4e zondag in de paastijd A - 2014

Zusters en broeders,

‘Ik ben de deur van de schapen’, zegt Jezus. In onze tijd klinkt die woorden waarschijnlijk nogal vreemd. Want schapen en schaapherders en schaapskooien, dat zegt ons wellicht niet veel. Wellicht hebben de meesten onder ons zelfs nooit een herder met een kudde schapen gezien. Misschien wel op tv of in een film, maar ook in het echt? Maar in de tijd en bij het volk van Jezus was dat juist heel goed bekend. Er waren heel wat kuddes en heel wat herders, en gevaar was er ook: voor dieven, rovers of roofdieren die helemaal geen goede bedoelingen hadden. Vandaar dat de kuddes ’s nachts in ruime kooien werden ondergebracht. Een herder hield daar de hele nacht de wacht over alle kuddes van het hele dorp. ’s Morgens kwamen de anderen hun kudde weer halen, en dat moest gebeuren via de enige deur die de kooi veilig kon afsluiten, de deur die de hele nacht bewaakt werd. Het is dus van die deur dat Jezus spreekt. Hijzelf is de deur die veilig is voor schapen en voor herders. Veilig en betrouwbaar.

En die deur, dat is Hij ook voor ons. En dat is goed, want er zijn zoveel deuren in ons leven. Deuren langs waar we de weg van ons leven opgaan. De weg van onze relatie, van ons huwelijk, van ons gezin, van ons samenleven. Is dat een weg die we alleen maar met vreugde kunnen bewandelen, of is het soms, of misschien vaak, een moeilijke, zelfs een onmogelijke weg? Zijn we altijd op die weg kunnen blijven, of zijn we verdwaald geraakt? Misschien omdat we niet door de juiste deur op die weg zijn gekomen, niet door de deur die Jezus voor ons is.

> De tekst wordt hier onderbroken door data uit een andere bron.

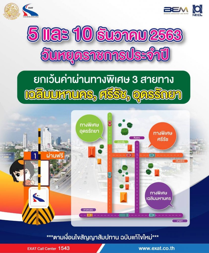 การทางพิเศษแห่งประเทศไทย (กทพ.) กระทรวงคมนาคม ยกเว้นค่าผ่านทางพิเศษเฉลิมมหานคร ทางพิเศษศรีรัช และทางพิเศษอุดรรัถยา 3 สายทาง ในวันเสาร์ที่ 5 ธันวาคม 2563 (วันคล้ายวันพระราชสมภพของพระบาทสมเด็จพระบรมชนกาธิเบศร มหาภูมิพลอดุลยเดชมหาราชบรมนาถบพิตร วันชาติ และวันพ่อแห่งชาติ) และวันพฤหัสบดีที่ 10 ธันวาคม 2563 (วันรัฐธรรมนูญ) ตั้งแต่เวลา 00.01 น. ถึง 24.00 น.

Of de weg van ons beroep, ons werk, onze verantwoordelijkheid: zijn we daar door de goede deur gegaan? Hebben we een goede weg gevolgd, of loopt of liep de weg anders dan we hoopten of hopen, anders dan we wilden of willen. Anders dan we verwachtten door onze inzet van vroeger en van nu?

Of de weg van onze keuzes: welke deur hebben we daar genomen? De deur die alleen maar de weg opent naar bezit, naar rijkdom, naar ontspanning? De weg die geen enkele zijweg kent. De weg die alleen maar kan leiden naar ons eigen genoegen, ons eigen voordeel. Zijn we door de deur gegaan die ons naar deze weg van eigenliefde, de weg naar onszelf heeft geleid? Of hebben we de deur genomen die ook andere wegen opent? De weg die ons bezielt om Jezus’ weg te gaan. De weg die niet alleen naar onszelf, maar ook naar anderen leidt. Naar mensen in nood, naar aandacht voor elkaar, naar mededeelzaamheid en hartelijkheid. De weg naar goedheid en verbondenheid. Zo’n weg. Hebben we die weg gekozen, en nemen we hem nog altijd? 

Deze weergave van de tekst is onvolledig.